Additional conditions associated with diabetes include polycystic
ovarian syndrome and steroid induced insulin resistance.
[0022] The complications of conditions associated with diabetes
mellitus encompassed herein includes renal disease, especially
renal disease associated with the development of Type II diabetes
including diabetic nephropathy, glomerulonephritis, glomerular
sclerosis, nephrotic syndrome, hypertensive nephrosclerosis and end
stage renal disease.
[0023] As mentioned above the compound of the invention has useful
therapeutic properties: The present invention accordingly the
Hydrate for use as an active therapeutic substance.
[0024] More particularly, the present invention provides the
Hydrate for use in the treatment and/or prophylaxis of diabetes
mellitus, conditions associated with diabetes mellitus and certain
complications thereof.
[0025] The Hydrate may be administered per se or, preferably, as a
pharmaceutical composition also comprising a pharmaceutically
acceptable carrier. The formulation of the Hydrate and dosages
thereof are generally as disclosed for Compound (I) in
International Patent Application, Publication Number
WO94/05659.
[0026] Accordingly, the present invention also provides a
pharmaceutical composition comprising the Hydrate and a
pharmaceutically acceptable carrier therefor.
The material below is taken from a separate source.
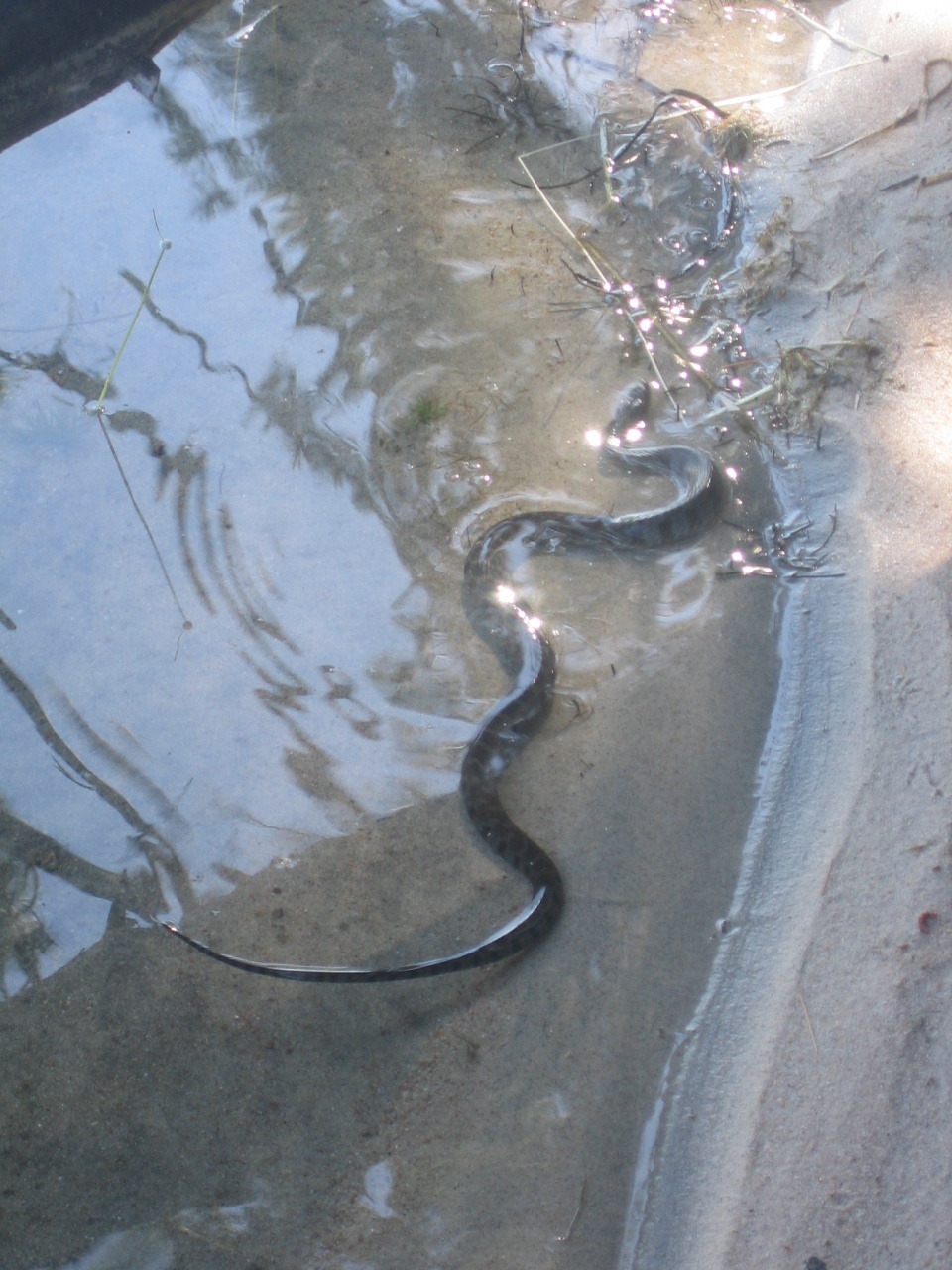 A water snake cruised by our site, 10ft offshore, so we stalked him down the shoreline as he came shallower and shallower. We lost sight of him for a second in the brush, until 3 frogs erupted for the trees! I told the boy that his harassment of the frog population had them on high alert, and saved them from being snake food this time!

[0027] The Hydrate is normally administered in unit dosage
form.
[0028] The active compound may be administered by any suitable
route but usually by the oral or parenteral routes. For such use,
the compound will normally be employed in the form of a
pharmaceutical composition in association with a pharmaceutical
carrier, diluent and/or excipient, although the exact form of the
composition will naturally depend on the mode of
administration.
[0029] Compositions are prepared by admixture and are suitably
adapted for oral, parenteral or topical administration, and as such
may be in the form of tablets, capsules, oral liquid preparations,
powders, granules, lozenges, pastilles, reconstitutable powders,
injectable and infusable solutions or suspensions, suppositories
and transdermal devices. Orally administrable compositions are
preferred, in particular shaped oral compositions, since they are
more convenient for general use.
[0030] Tablets and capsules for oral administration are usually
presented in a unit dose, and contain conventional excipients such
as binding agents, fillers, diluents, tabletting agents,
lubricants, disintegrants, colourants, flavourings, and wetting
agents. The tablets may be coated according to well known methods
in the art.
[0031] Suitable fillers for use include cellulose, mannitol,
lactose and other similar agents. Suitable disintegrants include
starch, polyvinylpyrrolidone and starch derivatives such as sodium
starch glycollate. Suitable lubricants include, for example,
magnesium stearate. Suitable pharmaceutically acceptable wetting
agents include sodium lauryl sulphate.
[0032] Solid oral compositions may be prepared by conventional
methods of blending, filling, tabletting or the like. Repeated
blending operations may be used to distribute the active agent
throughout those compositions employing large quantities of
fillers. Such operations are, of course, conventional in the
art.
[0033] Oral liquid preparations may be in the form of, for example,
aqueous or oily suspensions, solutions, emulsions, syrups, or
elixirs, or may be presented as a dry product for reconstitution
with water or other suitable vehicle before use. Such liquid
preparations may contain conventional additives such as suspending
agents, for example sorbitol, syrup, methyl cellulose, gelatin,
hydroxyethylcellulose, carboxymethyl cellulose, aluminium stearate
gel or hydrogenated edible fats, emulsifying agents, for example
lecithin, sorbitan monooleate, or acacia; non-aqueous vehicles
(which may include edible oils), for example, almond oil,
fractionated coconut oil, oily esters such as esters of glycerine,
propylene glycol, or ethyl alcohol; preservatives, for example
methyl or propyl p-hydroxybenzoate or sorbic acid, and if desired
conventional flavouring or colouring agents.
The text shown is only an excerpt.